Eric: I’m not one of those who says we should just start tearing down the reputation of everybody. But yes, I think many prominent figures in our history have turned out to be a little more problematic than earlier historians emphasized. Even a person like Abraham Lincoln , one of our greatest Americans, let us say, for much of his life shared some of the prejudices against Black people that were very common in his era and in his state, Illinois.
That’s important, those kinds of things were not really mentioned much. Or Jefferson again, what about Jefferson’s owning of slaves and his relationship with his slave Sally Hemings , and things like that? And this is not to say, "Well, that’s all we need to know about Jefferson." Of course there were great achievements of men like Jefferson and Lincoln, but we have to sort of... Nobody is perfect in this world, I don’t care who they are. And if you set out to just have a history of heroes, it becomes inaccurate after a while. I think it’s better to see the pluses and minuses, of any human being.

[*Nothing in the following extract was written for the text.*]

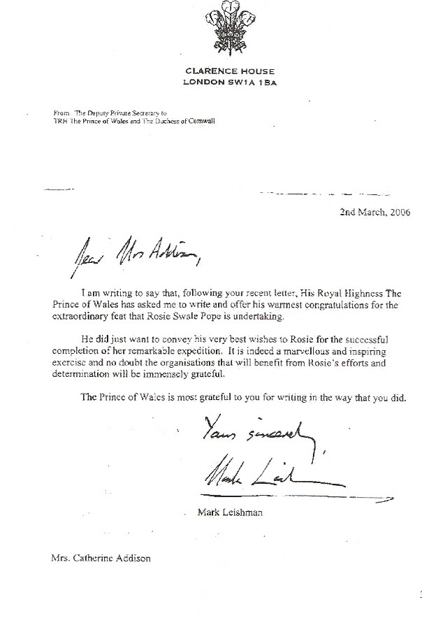 "I am writing to say that, following your recent letter, His Royal Highness The Prince of Wales has asked me to write and offer his warmest congratulations for the extraordinary feat that Rosie Swale Pope is undertaking. He did just want to convey his very best wishes to Rosie for the successful completion of her remarkable expedition. It is indeed a marvellous and inspiring exercise and no doubt the organisations that will benefit from Rosie's efforts and determination will be immensely grateful. The Prince of Wales is most grateful to you for writing in the way that you did." |

Karina: Yeah. Well, kind of switching gears a little bit, a lot of people who come to this website are high schoolers like me or college students who are trying to figure out what they wanna do, and you said that in high school you thought you would go into something in science or math, and then kind of switched to history.

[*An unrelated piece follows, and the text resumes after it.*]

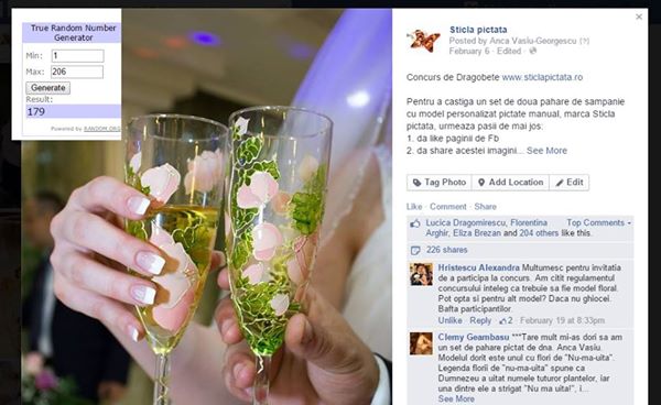 Castigatoarea concursului de Dragobete 2015 este Lorena Diaconu, din localitatea Pipirig, jud. Neamt. Felicitari! Ea si-a dorit un set de doua pahare de sampanie pictate manual cu ghiocei. Paharele sunt in lucru si vor ajunge in curand. Detalii aici.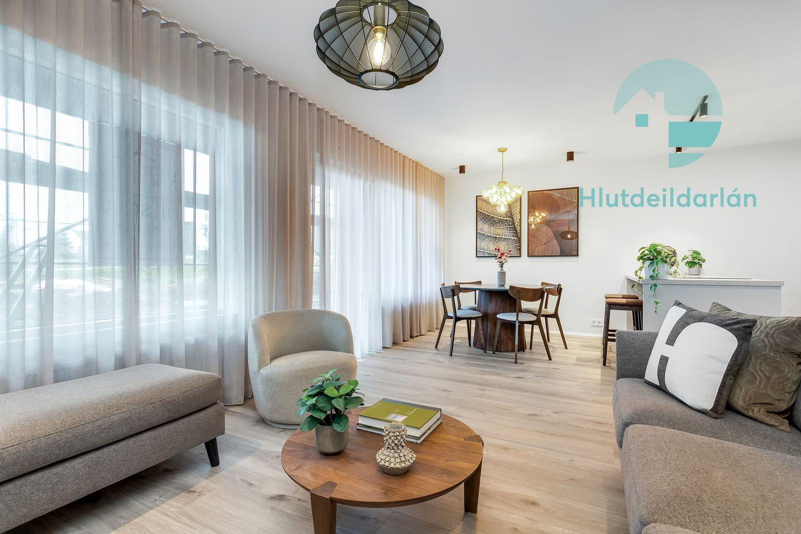 Eldhús: Með vandaðri Voké-III innréttingum. Öll eldhústæki fylgja frá Rafha (innbyggður kæliskápur með frysti, innbyggð uppþvottavél, spansuðu helluborð, sjálfshreinsandi bakaraofn).

So could you kind of give us your advice on what somebody should do if they think they wanna go into history, or they’re not sure, or they don’t wanna go into history at all, but maybe should give it a shot?
…try to keep an open mind and don't assume that you're not interested in something.” – Dr. Eric Foner
Eric: Well, it’s hard for me to give advice to young people facing the many uncertainties that we all face in our society today. My view is to try to keep an open mind and don’t assume that you’re not interested in something. As I said, I learned to love history partly through a teacher who I happened to take his course. That was sort of accidentally, I’d heard that he was very good, etcetera.
But keep an open mind and don’t just study what you think you wanna do. I’ve retired, but when I was a college professor I had students who I advised and sometimes most of them were history majors, but they would come in, "Here’s my course choices for this year," and it was like four history courses and a sociology.
I said, "No, that’s not... You can’t do that. Take at least one course on something that you have no practical... That you don’t think has any practical value for you. Take a course on Shakespeare, take a course on Renaissance Italian art, take a course on Chinese history. I don’t care, but something that’s outside of your comfort zone." And you never know how it may influence you or inspire you or anything like that.
So I think one thing you can learn from Abraham Lincoln, if I might invoke him is... And this is not just in school, this is forever, your whole life: Keep learning, never stop learning, never stop reading. Lincoln was totally self-educated, he barely went to school in his whole life, he learned by just learning all the time. He wanted to do that. And never be just totally satisfied, always be interested in new ideas, new things, and then you’ll develop insights and skills that will serve you well no matter what line of work you end up in.
Karina: Wow, well that is incredible advice. So, thank you so much for taking the time to talk with me, it was really a pleasure to hear what you had to say, so thank you so much.
Eric: You’re very welcome. Very nice to talk to you.